For the co-expression analysis, we preferred mixture models to correlation-based approaches. Mixture models aim at identifying an underlying structure in modeling the unknown distribution by a weighted sum of parametric distributions, each one representing a group of co-expressed genes. Gaussian mixture models were relevant for microarray data and were applied with success on several datasets [36,37]. For RNAseq data, which are discrete, Rau et al. [18] first concluded that normalized expression profiles modeled with a Poisson mixture are relevant for co-expression analysis. However, in the Poisson mixture, the dependence structure between samples is not considered and can mislead the results. To tackle this problem, they proposed then a Gaussian mixture after a transformation of the normalized expression profiles [19]. This model seems to be more suitable for RNAseq co-expression analysis by providing a proper identification of the groups of co-expressed genes because it accounts for per-cluster correlation structures among samples. For these reasons, we chose this Gaussian mixture implemented in the coseq R-package.

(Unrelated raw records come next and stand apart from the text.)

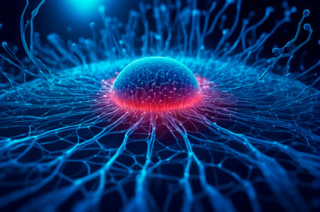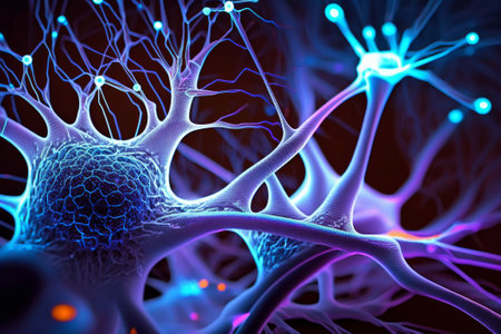 Glowing nerve cells in futuristic space backdrop generated by artificial intelligence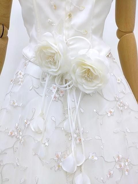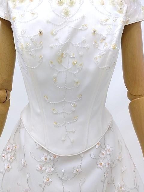 ■胸元からウエストにかけてビーズとスパンコールを使った小花が刺繍されています。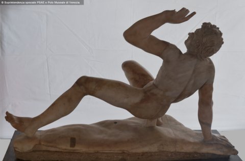 - Rücklings fallender nackter Gallier, auf die rechte Hand gestützt. Kopie nach späthellenistischem Original aus Pergamon.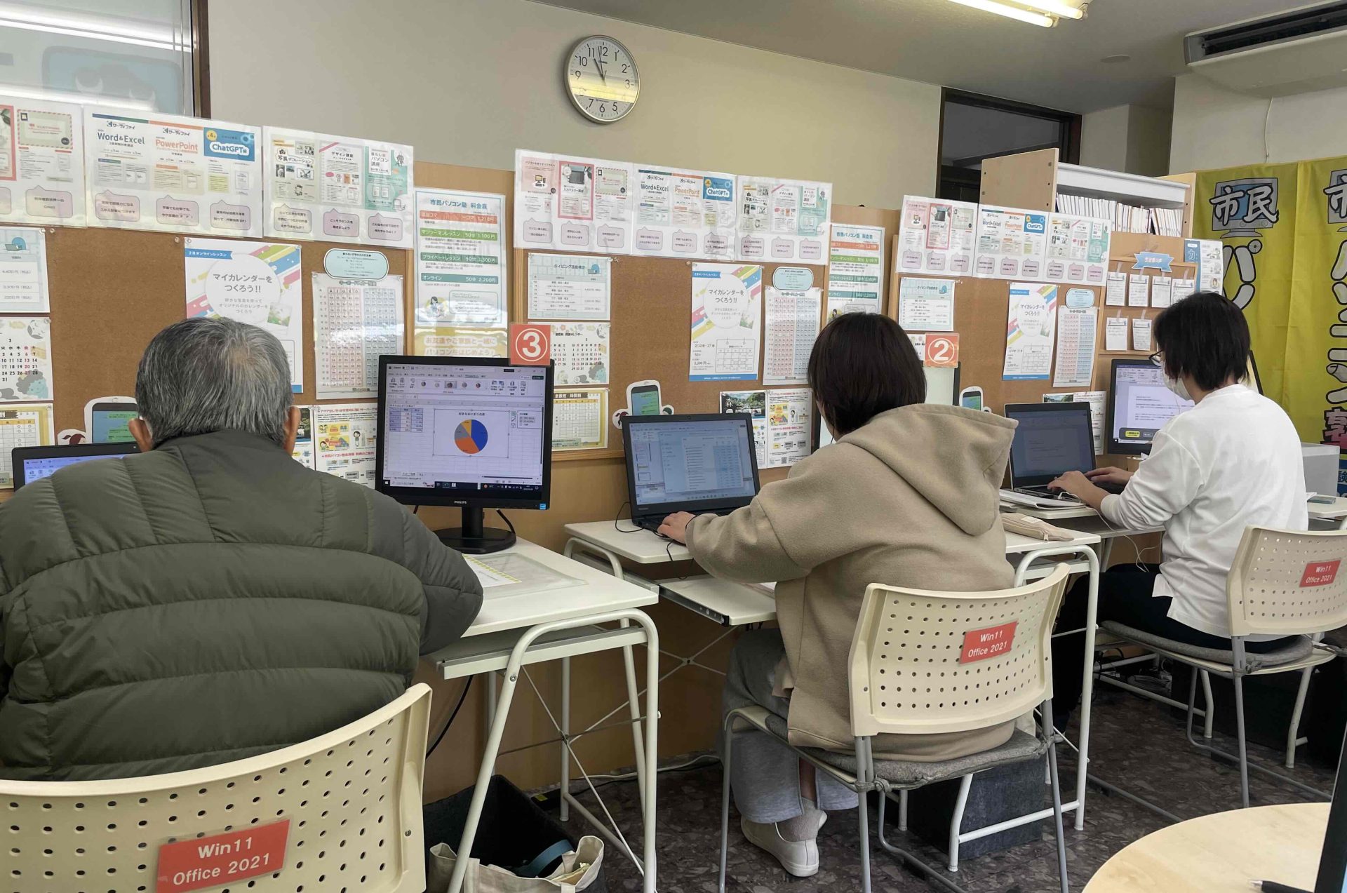 少人数制なので、落ち着いた環境で安心して学べる教室です。パソコンに触れる時間が、毎日のちょっとした楽しみになるようお手伝いできたらと思います。

In conclusion, using these neutral comparison studies, we combined the most adapted tools for each step of a standard RNAseq analysis. DiCoExpress is a workspace, illustrated in Figure 1, to be installed on a computer to create a user-friendly workspace for analyzing RNAseq datasets. The directory Data will store all the projects, and the directory Results will contain a subdirectory per project with all the results of the different steps. The directory Sources contains the R functions used by DiCoExpress. Finally, the directory Template_scripts will contain an R script file for each project, allowing a semi-automated data analysis where the user is guided through all the steps from normalization to co-expression analysis. Hence, with DiCoExpress, our objective is to focus on the statistical modeling of gene expression according to the experimental design and on the interpretation of the results of such analysis in biological terms.